If you are familiar with the vCloud Director UI and have used the virtual console for a virtual machine, you may have noticed it is serviced by the VMRC (Virtual Machine Remote Console) vCD browser plugin which is only accessible in the vCD UI. If you are building a custom provisioning portal, you may want to provide similar functionality in your own portal for your users to access their VMs.
You can do so by leveraging the vCloud API and the new VMRC API that was made available with the release of vCloud Director 1.5.
In addition to the VMRC API documentation, there is an sample VMRC API Reference Implementation that you can download and experiment with. When you extract the contents of the zip file, you will find an index.html and console.html web page and you can use this locally on your system or host it on a web server.
The index.html is the landing page that you will use to provide the vCloud VM's screen ticket using the vCloud API's AcquireTicket REST API method. The console.html will then load the VMRC for the requested VM assuming you provided a valid screen ticket.
Here are the four simple steps to access a vCloud VM's remote console using the vCloud REST API & VMRC API using curl:
You will need a system that has curl installed and you will need an account in vCD that has access to some powered on VMs. In the example below, I will be logging into a regular organization and not the System organization. There are a few parameters you need to specify to login to vCD and obtain an authorization token. You will need to specify the following parameters and the URL to your vCloud Director instance which should be in the form of https://vcd-fqdn/api/sessions:
- -i = Include headers
- -k = Performs an "insecure" SSL connection
- -H = Setting the header for the version of vCloud Director (1.5 in this example)

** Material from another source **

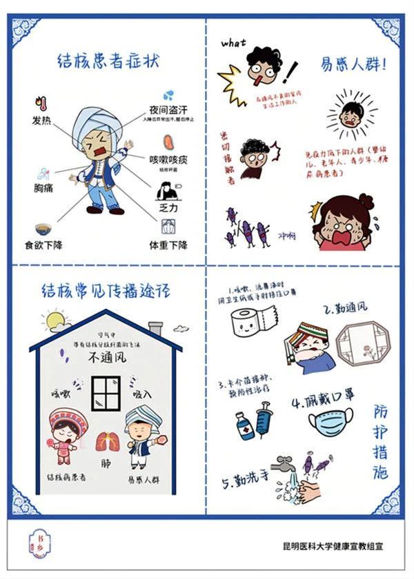 图一:《白族结核四格漫画》作者:昆明医科大学公共卫生学院健康科普小组

- -u = User credentials in the format of [username@org:password]
- -X = Request type
Note: For more details on the cURL flags, please refer to the cURL documentation.
curl -i -k -H "Accept:application/*+xml;version=1.5" -u coke-admin@Coke:vmware -X POST https://vcd.primp-industries.com/api/sessions
HTTP/1.1 200 OK Date: Tue, 28 Feb 2012 22:20:54 GMT x-vcloud-authorization: n/+ZglmIwJ2SbWlyz04XC5sHUDJqefU1mCMa9TFu9lk= Set-Cookie: vcloud-token=n/+ZglmIwJ2SbWlyz04XC5sHUDJqefU1mCMa9TFu9lk=; Secure; Path=/ Content-Type: application/vnd.vmware.vcloud.session+xml;version=1.5 Date: Tue, 28 Feb 2012 22:20:55 GMT Content-Length: 894 <?xml version="1.0" encoding="UTF-8"?> <Session xmlns="http://www.vmware.com/vcloud/v1.5" user="coke-admin" org="Coke" type="application/vnd.vmware.vcloud.session+xml" href="https://vcd.primp-industries.com/api/session/" xmlns:xsi="http://www.w3.org/2001/XMLSchema-instance" xsi:schemaLocation="http://www.vmware.com/vcloud/v1.5 http://172.30.0.139/api/v1.5/schema/master.xsd"> <Link rel="down" type="application/vnd.vmware.vcloud.orgList+xml" href="https://vcd.primp-industries.com/api/org/"/> <Link rel="down" type="application/vnd.vmware.admin.vcloud+xml" href="https://vcd.primp-industries.com/api/admin/"/> <Link rel="down" type="application/vnd.vmware.vcloud.query.queryList+xml" href="https://vcd.primp-industries.com/api/query"/> <Link rel="entityResolver" type="application/vnd.vmware.vcloud.entity+xml" href="https://vcd.primp-industries.com/api/entity/"/> </Session>
If you have successfully logged in, you should get an HTTP 200 response and get similar output as above. You will need to make note of your authorization token which is located on the third line that starts with "x-vcloud-authorization". This will be needed throughout the remainder of the session
Using the new Query Service API in vCloud 1.5, we will locate all VMs within the vCD instance with the vm type. If you are logged in as a System Administrator and using the System Org, use the adminVM type instead. You can see the command is very similar to the one above but instead of specifying the credentials, we are using the authorization token from step 1. We are also including specific fields in the XML output for readability (VM name + vApp name), if you remove '&fields=name,containerName', you will see the other fields in the XML response. We also want to filter for only powered-on VMs, we can do this by adding '&filter=status==POWERED_ON'.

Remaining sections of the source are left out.